======== SOURCE DATA ========

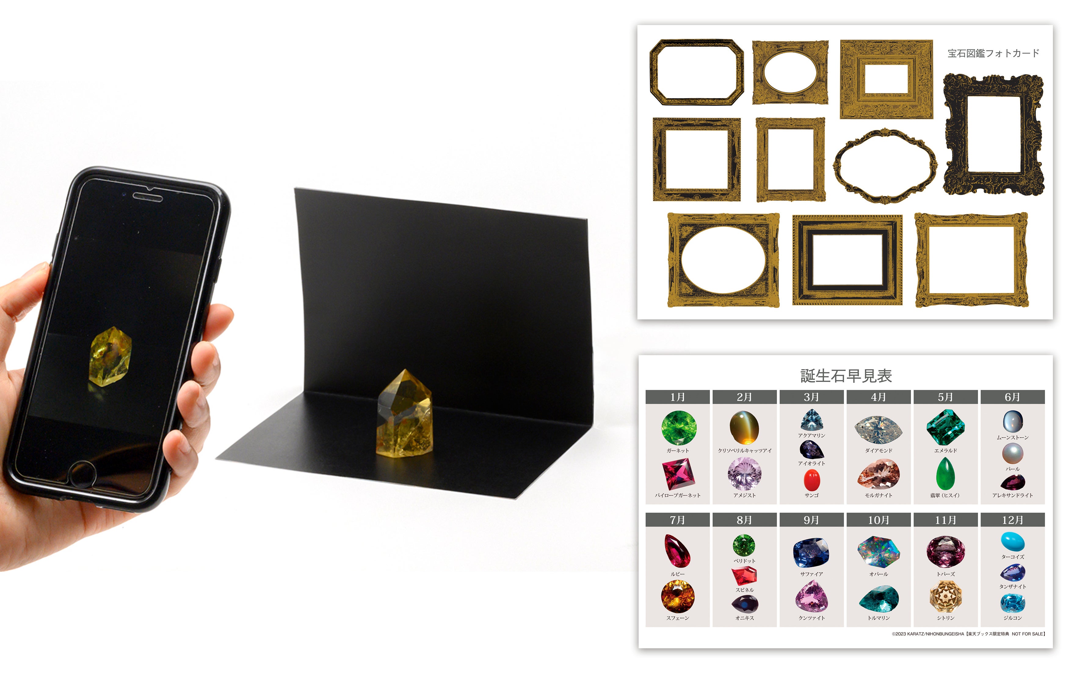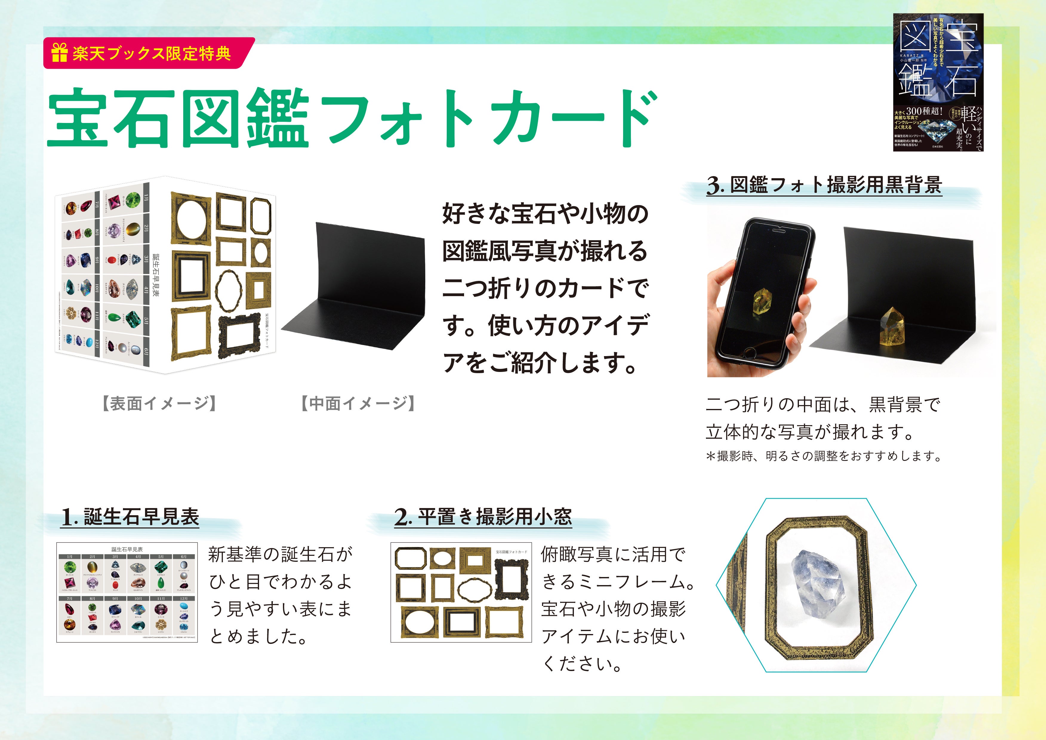 楽天ブックスでは数量限定の特典「宝石図鑑フォトカード」をご用意しました。好きな宝石や小物の図鑑風写真が撮れる二つ折りカードです。中面は黒背景で立体的な写真が撮れるブラックパターン。表面には、俯瞰写真に活用できるミニフレームと誕生石早見表を配しました。(二つ折り時のサイズ 105mm×148mm)
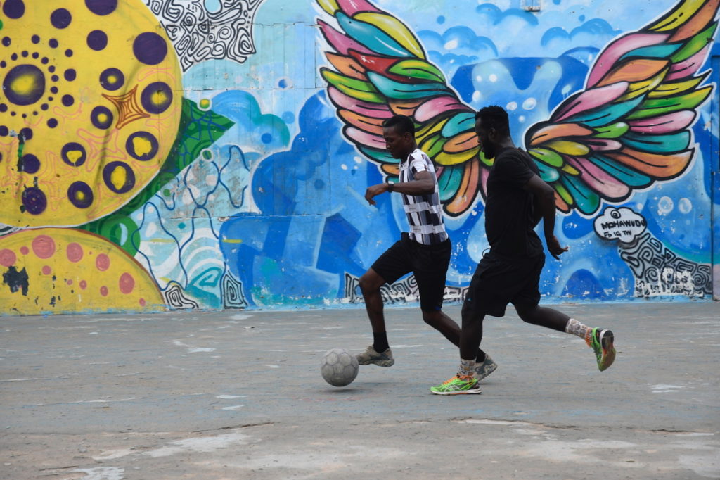 by Andrew Califf Jamestown is a vibrant, bustling community in Ghana, and the art scene there is as energetic as the young men who play soccer in the colorfully decorated pitch. The pitch is between relaxed Jamestown Cafe, a creative center for artists, and the imposing Ussher Fort, originally a Dutch stronghold, on High Street. … Continue reading A Lively Soccer Pitch in Jamestown
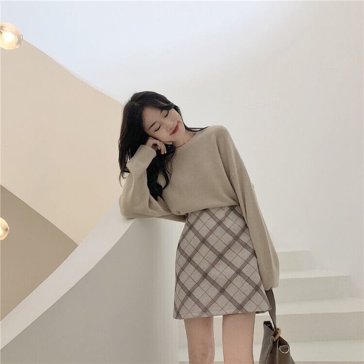 秋物スタンダードカーキ格子柄スカート ウィンターセーター ハイウェストウェストAライン レトロ オータム 冬物 ウエスト コーデ Marchs89128723789
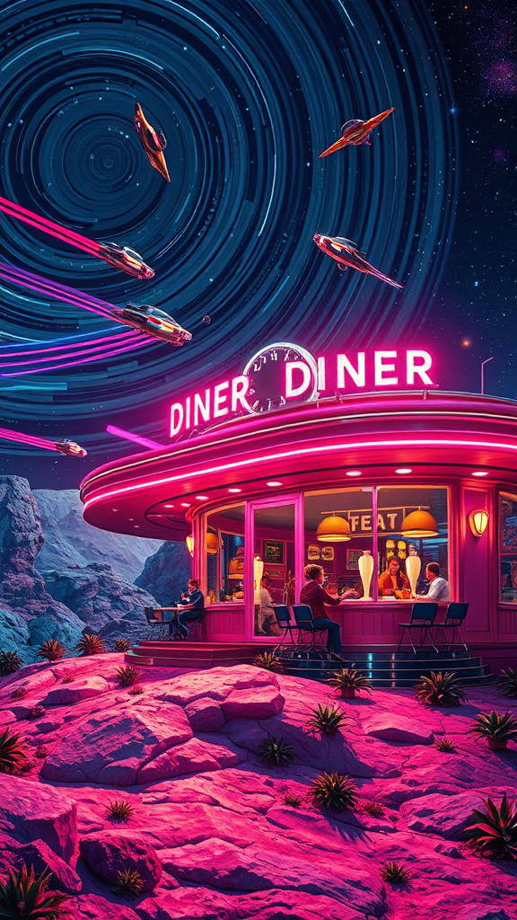 A vibrant retro sci-fi scene unfolds on an asteroid, where a classic 1950s-style diner, adorned with neon signs and chrome trimmings, sits under the swirling cosmos. Flying cars zip around in a mesmerizing ballet, casting dynamic beams of multicolored light that dance across the asteroid's rugged surface. The night sky is a canvas of twinkling stars and distant galaxies, creating a backdrop that is both infinite and intimate. Inside the diner, lively patrons in vintage futuristic attire savor milkshakes and burgers under radiant, multi-hued lights, their reflections shimmering in the large, curved glass windows. The asteroid’s surface is intricately detailed, with metallic platforms and lush alien flora adding depth to the scene, creating a dazzling, 4K realm where past and future merge seamlessly in vivid color.
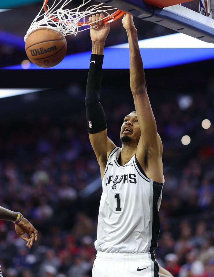 文班能里能外,卡斯尔、福克斯、哈珀、尚帕尼、瓦塞尔、凯尔登都有持球突击能力,马刺是纯粹的多持球点打法——单点突破压缩防守,团队分享球,寻找最佳出手机会。
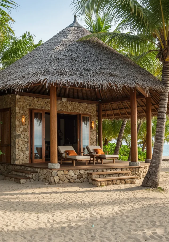 This tropical beach hut is the perfect fusion of rustic charm and coastal elegance. Its thatched roof made of natural materials like straw complements the stone-clad walls, offering a rustic yet refined look. The wooden pillars hold up the expansive overhang, which seamlessly merges the indoors with the outside, while the wood decking adds warmth and sophistication. The view is breathtaking, with palm trees swaying gently in the breeze and the beach just steps away.
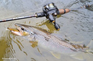 Wiedzieli, co Bulhead będzie robić. Najpierw szybko zanurkuje dzięki swojemu długiemu sterowi. Potem, gdy już będzie na odpowiedniej głębokości zacznie swoją nieregularną pracę. Kilka nerwowych i równych szarpnięć a potem chwilka swobodnego spływu… I takie podkręcanie atmosfery, któremu niewiele pstrągów potrafi się oprzeć. Nie wiedzieli, co dokładnie się wydarzyło, ale mocno wygięte i pulsujące wędzisko wskazywało, że wobler po raz kolejny jak należy wykonał swoją robotę.
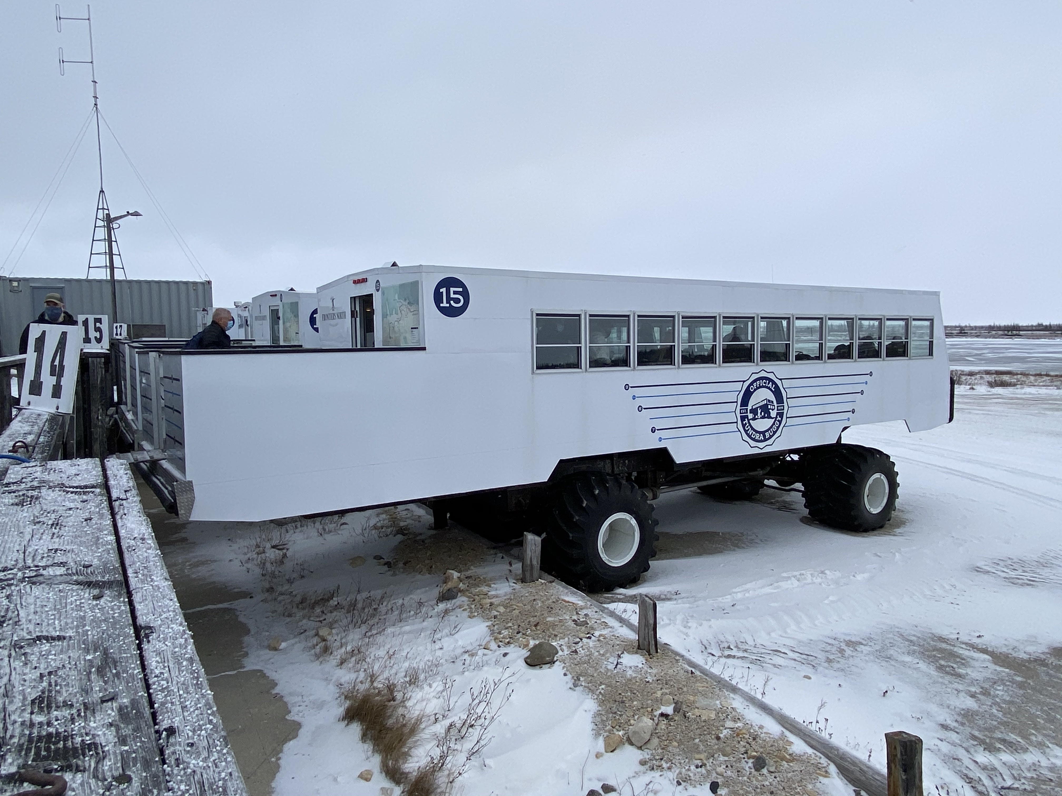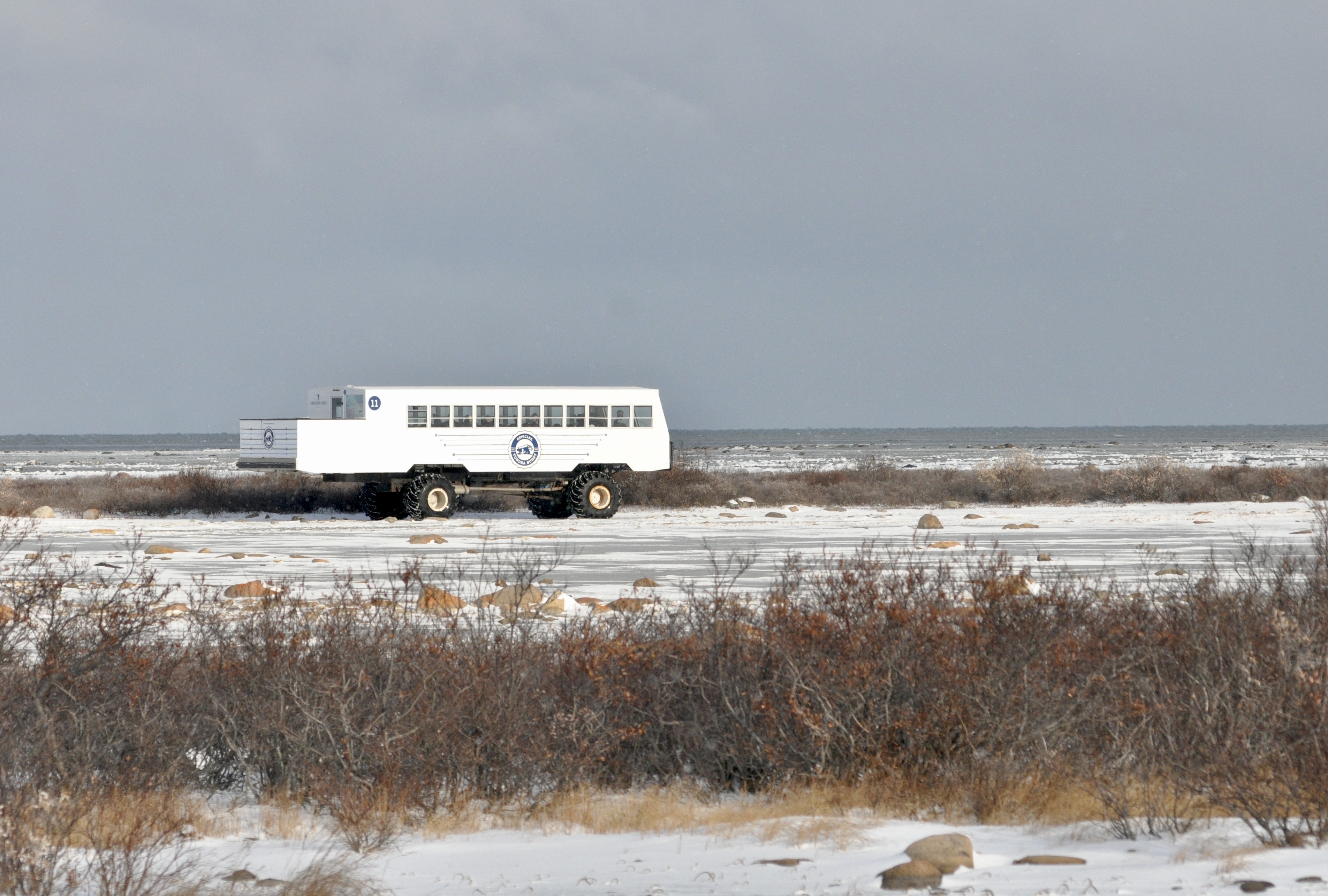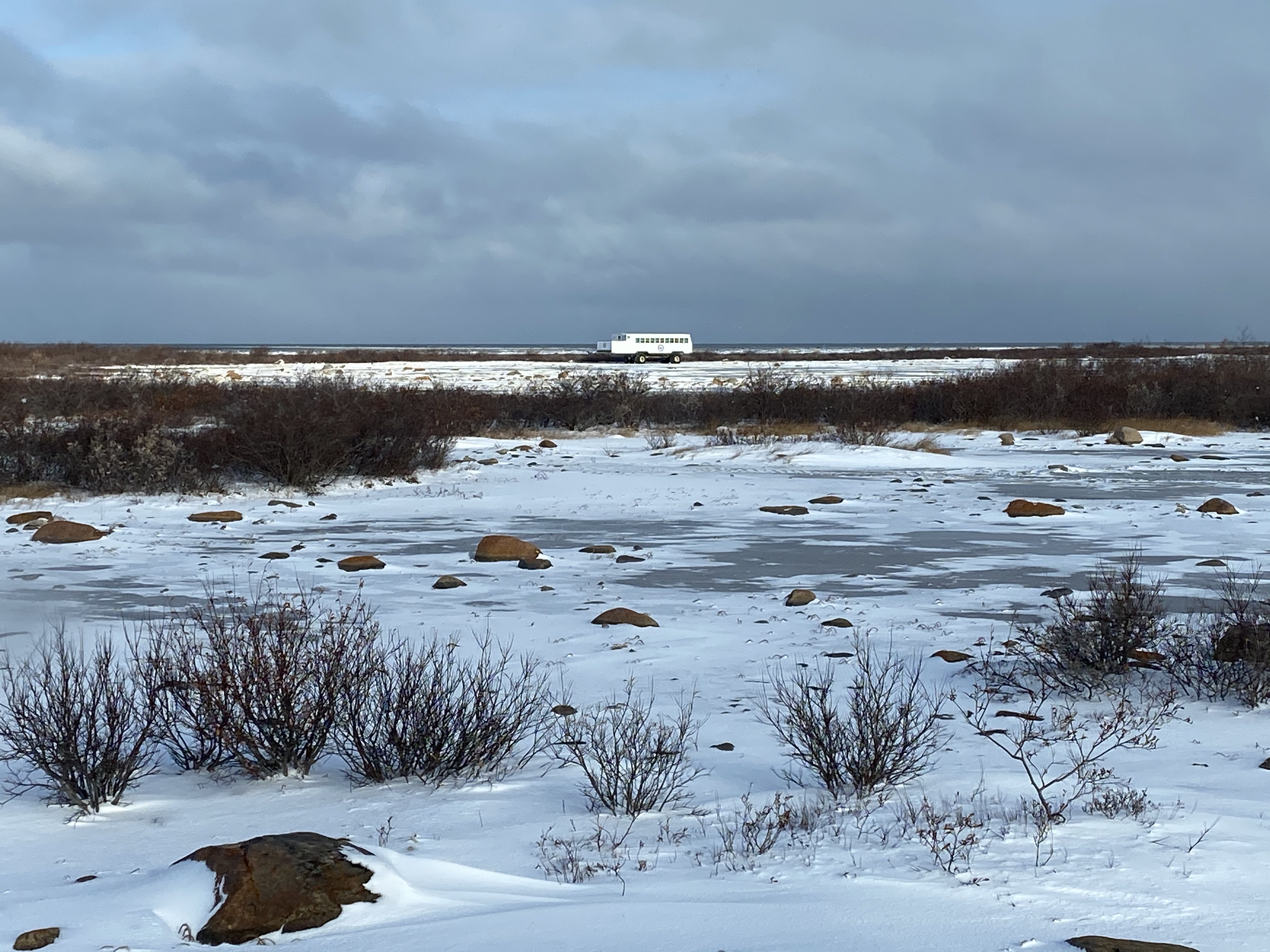 Tundra Buggy 15 was our home for the rest of the day. Hangry polar bears are dangerous creatures and they can easily camouflage themselves in the snow and hide behind the scrub willow so we were not allowed to get out of the buggy once underway. Fortunately the tundra buggies were warm and well-equipped so there was no need to leave.
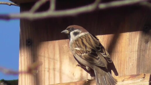 ВОРОБЬИ осматривают скворечник перед наступлением зимы
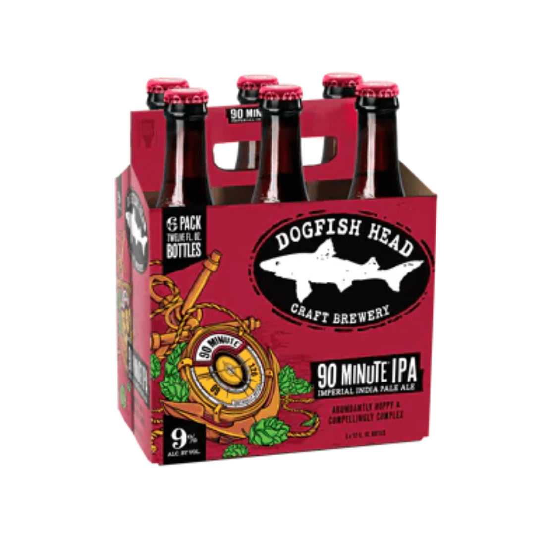Dogfish Head 90 Minute IPA is an intense IPA. It has flavors of brandied fruitcake, raisins, and citrus. These 12oz bottles are 9% ABV. Food Pairing recommendations: Pork chops, beef, grilled fish, frites, focaccia, split pea soup, Stilton cheese , and escargot.
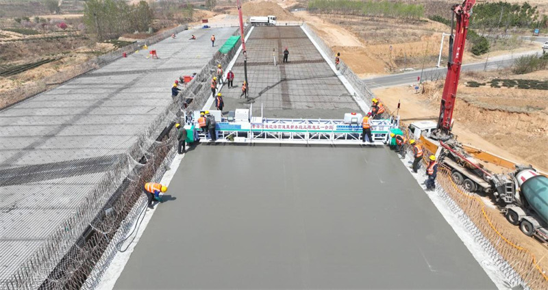 庆章高速二标段施工现场,压路机、摊铺机等大型机械设备正在紧张有序作业,全体参建者放弃休假,坚守岗位,聚焦关键节点、关键环节,重点推进G220国道与大年陈枢纽互通立交建设进度。截至目前,路基土方工程完成92%,梁板吊装完成87%,桥面系、路基防排水和路面水稳基层全面展开。
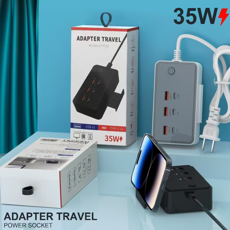 CY-PC02 35W 6-Port Multifunctional Desktop Charger with Holder
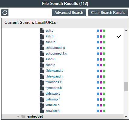 | 3. | Navigate to the File Search Results pane, which now shows a codebase tree containing the files that meet your criterion. |

========

-- WHAT YOU ARE ASKED TO DO --
Leaving out the pictures, print each line of the records above from the first up to and including the one that contains "秋物スタンダードカーキ格子柄スカート ウィンターセーター ハイウェストウェストAライン", exactly as written.

-- RESULT OF THIS EXERCISE --
 楽天ブックスでは数量限定の特典「宝石図鑑フォトカード」をご用意しました。好きな宝石や小物の図鑑風写真が撮れる二つ折りカードです。中面は黒背景で立体的な写真が撮れるブラックパターン。表面には、俯瞰写真に活用できるミニフレームと誕生石早見表を配しました。(二つ折り時のサイズ 105mm×148mm)
 by Andrew Califf Jamestown is a vibrant, bustling community in Ghana, and the art scene there is as energetic as the young men who play soccer in the colorfully decorated pitch. The pitch is between relaxed Jamestown Cafe, a creative center for artists, and the imposing Ussher Fort, originally a Dutch stronghold, on High Street. … Continue reading A Lively Soccer Pitch in Jamestown
 秋物スタンダードカーキ格子柄スカート ウィンターセーター ハイウェストウェストAライン レトロ オータム 冬物 ウエスト コーデ Marchs89128723789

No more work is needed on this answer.